Flag Desecration Is Legal

While patriots of left and right debate the question of who owns the American flag, the law has the ticklish task of providing workable answers. Take the case of Stephen Haugh, 23, a Pennsylvania State University student who joined a campus antiwar demonstration on July 4, 1967. Haugh brandished an American flag emblazoned with the slogans "Make Love Not War" and "The New American Revolutionaries." He was convicted of violating a 1939 state law that makes it a misdemeanor to write "any word" on the flag or "publicly cast contempt" upon it.

Haugh appealed to the Pennsylvania Supreme Court on the ground that flag-desecration laws restrain a demonstrator's free speech and are thus unconstitutional. The court avoided that issue, which civil libertarians are now attempting to bring before the Supreme Court. Even so, the Pennsylvania tribunal has just reversed Haugh's conviction.
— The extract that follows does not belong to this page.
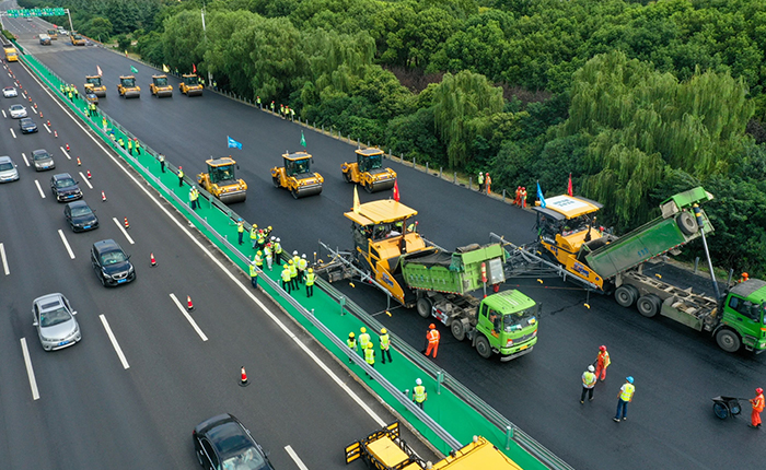 常泰長(zhǎng)江大橋大寬度整幅面層的“一鍵鋪平”,也備受矚目。進(jìn)行此次攤鋪工作的是徐工自主研發(fā)的大米數(shù)攤鋪機(jī)和13噸雙鋼輪壓路機(jī),攤鋪寬度15m,厚度4cm,屬于大寬度的整幅面層攤鋪,實(shí)現(xiàn)施工效率、橋面平整度雙提升。鋪裝工程涵蓋了橋面、主路、匝道等多個(gè)施工場(chǎng)景,充分體現(xiàn)出徐工設(shè)備的廣泛適用性和靈活性。無論是寬闊的主橋面,還是復(fù)雜的匝道區(qū)域,都能實(shí)現(xiàn)高質(zhì)量的整幅面層攤鋪。
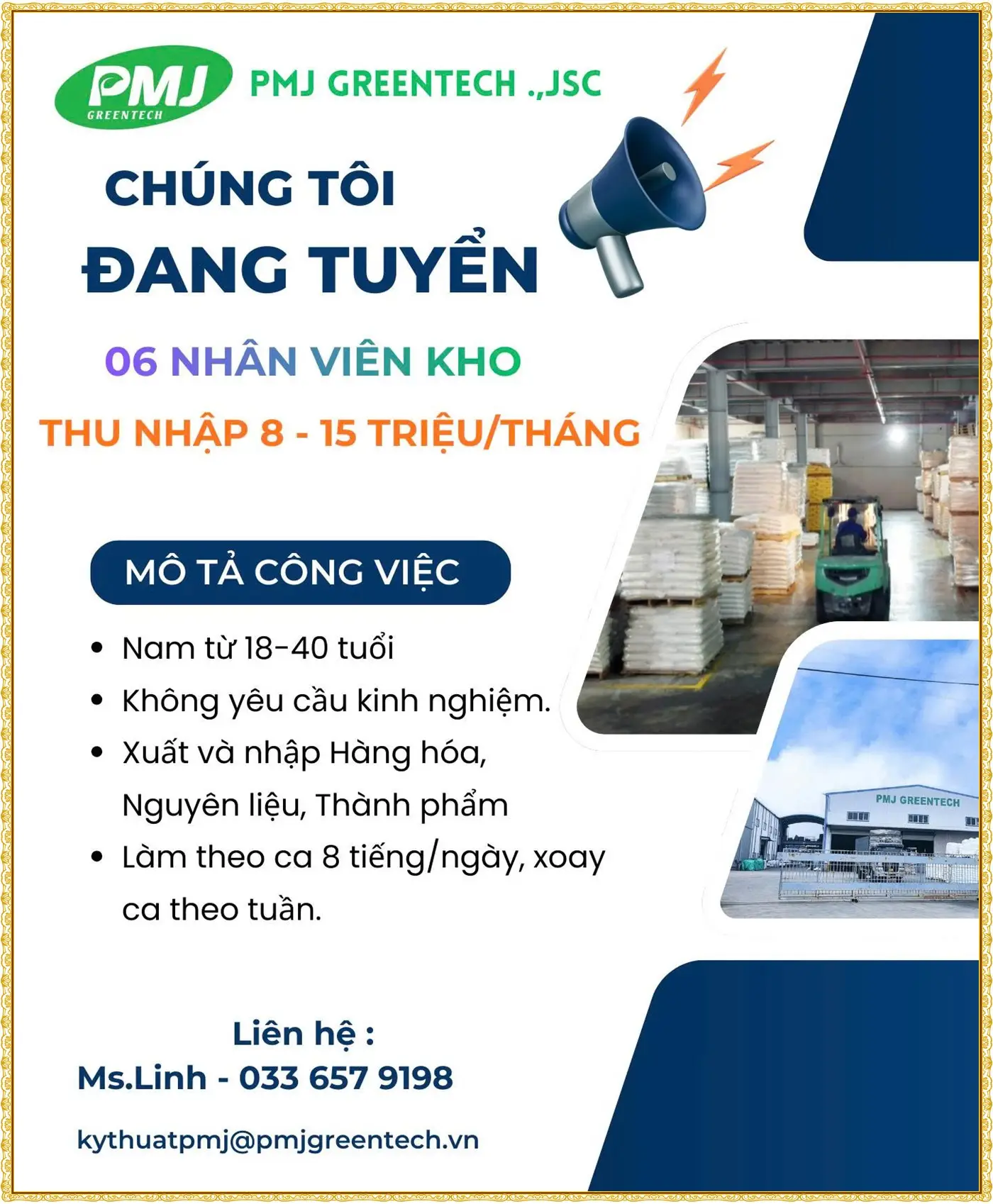✅ NV THỦ KHO ĐI HC 10 - 12 TRIỆU

As it turns out, the Pennsylvania flag law contains a little-noticed clause that exempts any "political demonstration or decorations." Strictly construing the statute, the high state court ruled that flag desecration is legal in Pennsylvania if it "takes place at a political demonstration." The state legislature may not define "political" to exclude protest groups, the court suggested; as a result. Old Glory can be used as anyone's political prop in Pennsylvania.